Find the prime decomposition of $(2) $ in $\mathbb Z\left[ \frac{ 1 + \sqrt n }{2 } \right]$

Question

Let $n$ be an integer such that $ n \equiv 1 $ mod $4$.

Let $\mathbb Z \left[ \frac{ 1 + \sqrt n }{ 2} \right]$ be our ring. Let $(2)$ be the ideal generated by $2$.

What is the prime decomposition of $(2)$ in $\mathbb Z \left[ \frac{ 1 + \sqrt n }{ 2} \right]$?

Answer 1

Let ${\cal O}_K$ the ring of integers of $K=\Bbb Q(\sqrt{m})$ ($m$ any squarefree integer).
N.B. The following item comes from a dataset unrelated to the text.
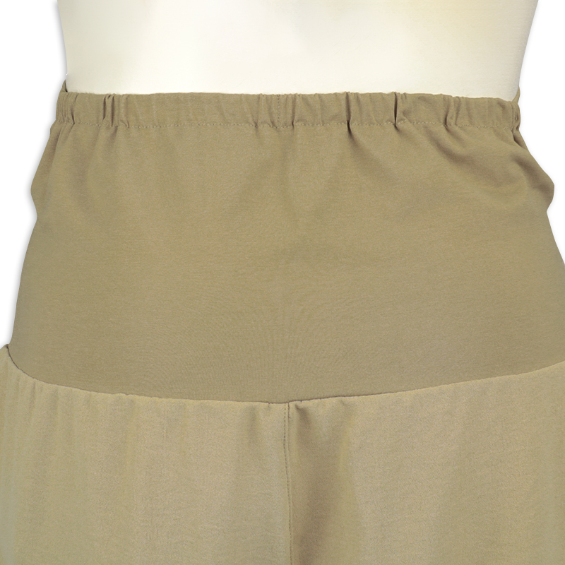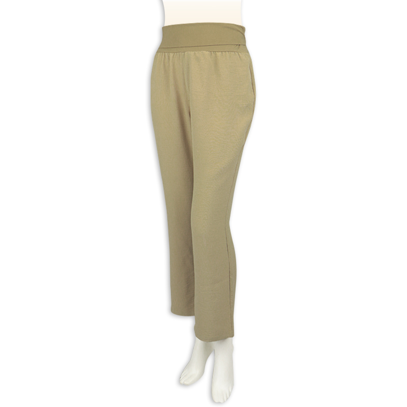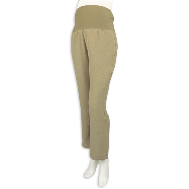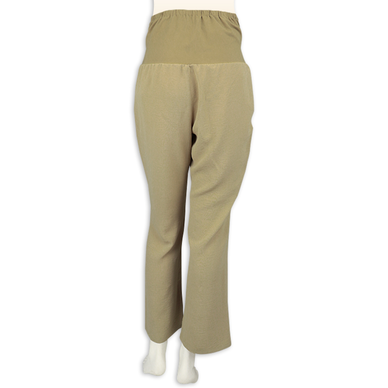 落ち感のある高見え素材で、らくちんなのにきれいめ。ほどよいウェーブ感でサラリとした肌触り。ギャザーを入れたストレートワイドシルエットはデイリーからお出かけまで幅広く使えます。お腹部分は程よいフィット感が気持ちいい天竺を使用。大きくなるお腹を締め付けません。ウエスト部分を折り返せば、妊娠初期から産後まで長くご使用いただけます。

Then the ideal $2{\cal O}_K$ factorizes as follows:

• $2{\cal O}_K=(2,\sqrt{m})^2$ if $2|m$
• $2{\cal O}_K=(2,1+\sqrt{m})^2$ if $m\equiv3\bmod4$,
• $2{\cal O}_K=(2,\frac{1+\sqrt{m}}2)(2,\frac{1-\sqrt{m}}2)$ if $m\equiv1\bmod8$,
• $2{\cal O}_K$ is prime if $m\equiv5\bmod8$.

Once these decompositions are given, proving them is a simple exercise.

Mind that sometimes the ideals in the decomposition may be actually principal (generated by one element). This obviously happen when ${\cal O}_K$ is a PID.